# All About Bichir Fish Advice



## Kyo (Sep 13, 2013)

Hiya,
Always loved having tropical freshwater fish tanks. Mostly i've had community tanks, although the best tank i ever set up was my semi predator tank the year i fell in love with the african leaf fish and learned about the peacock eel. But breaking up with my fiance... yeah they took the beautiful big 6 foot tank i had set that group up in. 

So i am once again setting up a few fish tanks in my house, among them i want to build the perfect environment for a platinum Senegal bichir. I don't trust a word that comes out of a pet store assistant's mouth and IMO there's only so much you can learn from a book. So what's everyone's experience?

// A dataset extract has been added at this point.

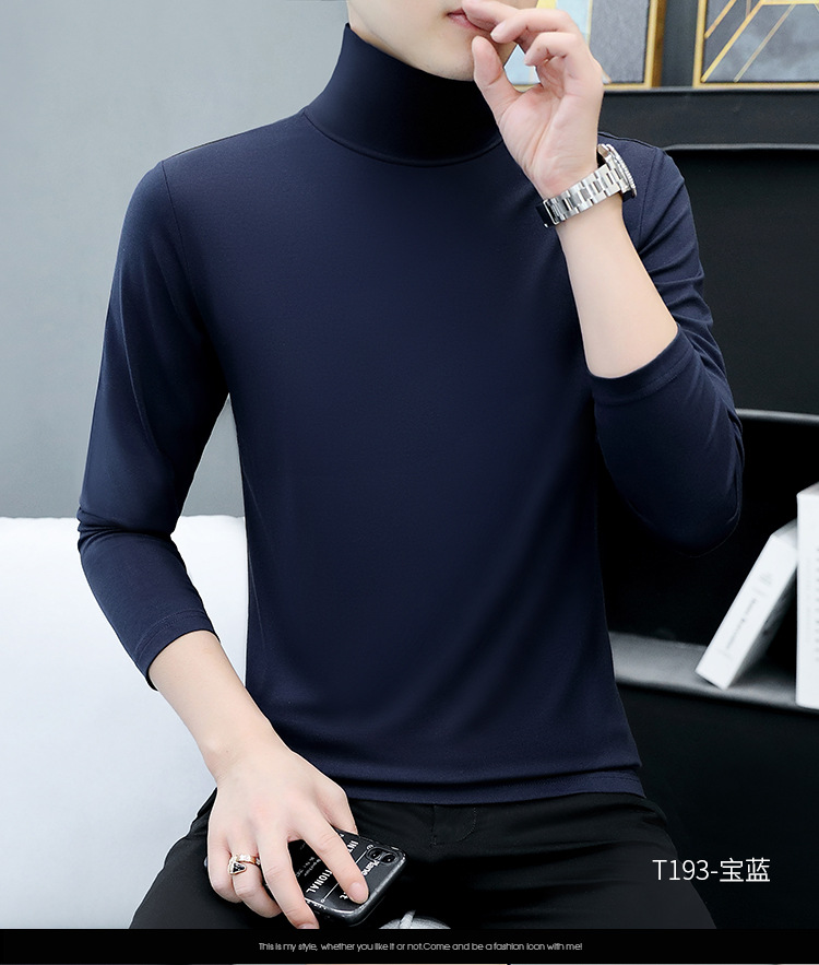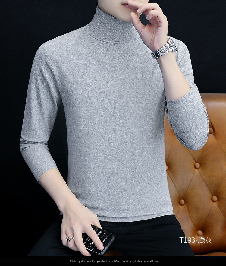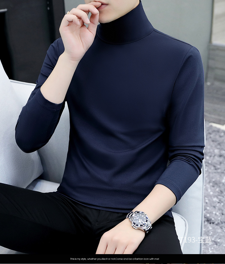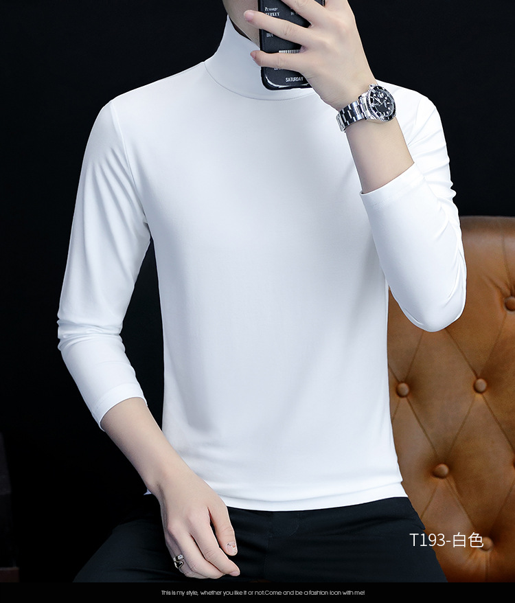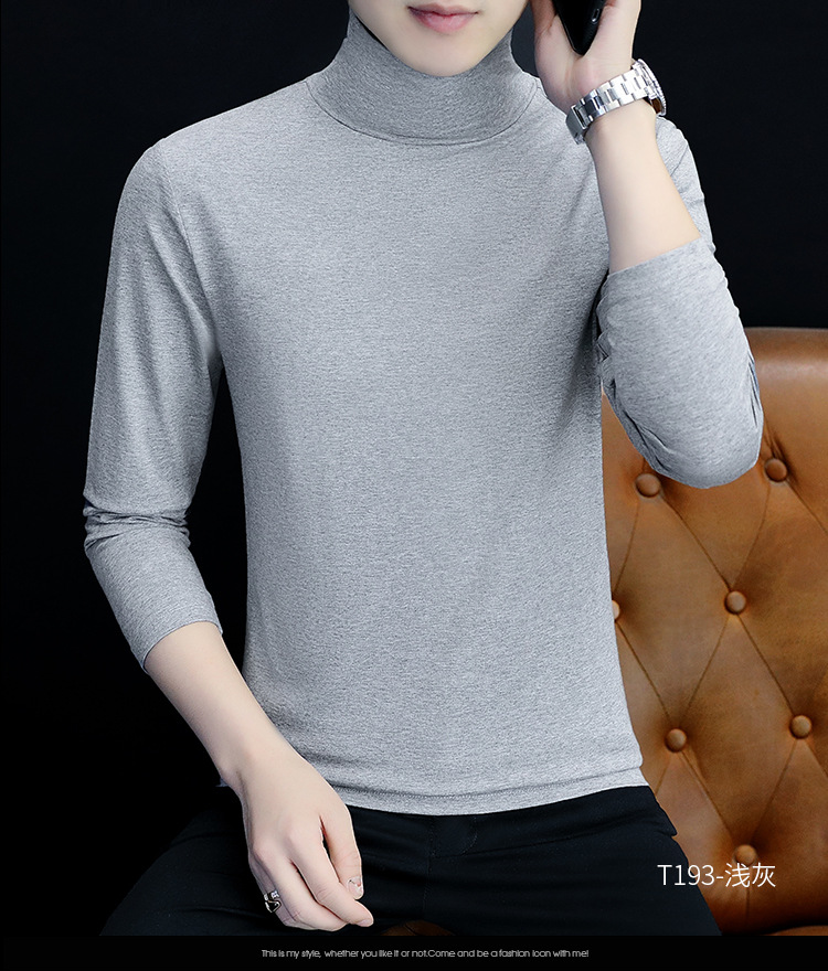 하이 칼라 남성용 긴팔 티셔츠 스트레치 남성 하의 셔츠 봄과 가을 캐주얼 면 남성 티셔츠 탑 옷 조수 도매스토어 가기

Have you got/had a bichir?
How big/fast did it grow?
What are it's favoured foods?
What tank mates do you have with yours?
What kind of set up do they enjoy? 
Anything you can share i would enjoy to read. I love my fishtanks, so relaxing to watch and this is a fish i've wanted for some time. Thanks a bunch!


----------



## NaomiM (Sep 22, 2012)

Can't advise from personal experience, but this page has comments from people who've kept them, you may find it useful: Cuvier's Bichir - Polypterus senegalus


----------



## Kyo (Sep 13, 2013)

Thanks so much! Great help! I would just love one of these little guys, and can't wait to cycle my old tank and go out fishy shopping. I do miss having a tank full of little finned friends to watch swimming. So calming and beautiful to watch,


----------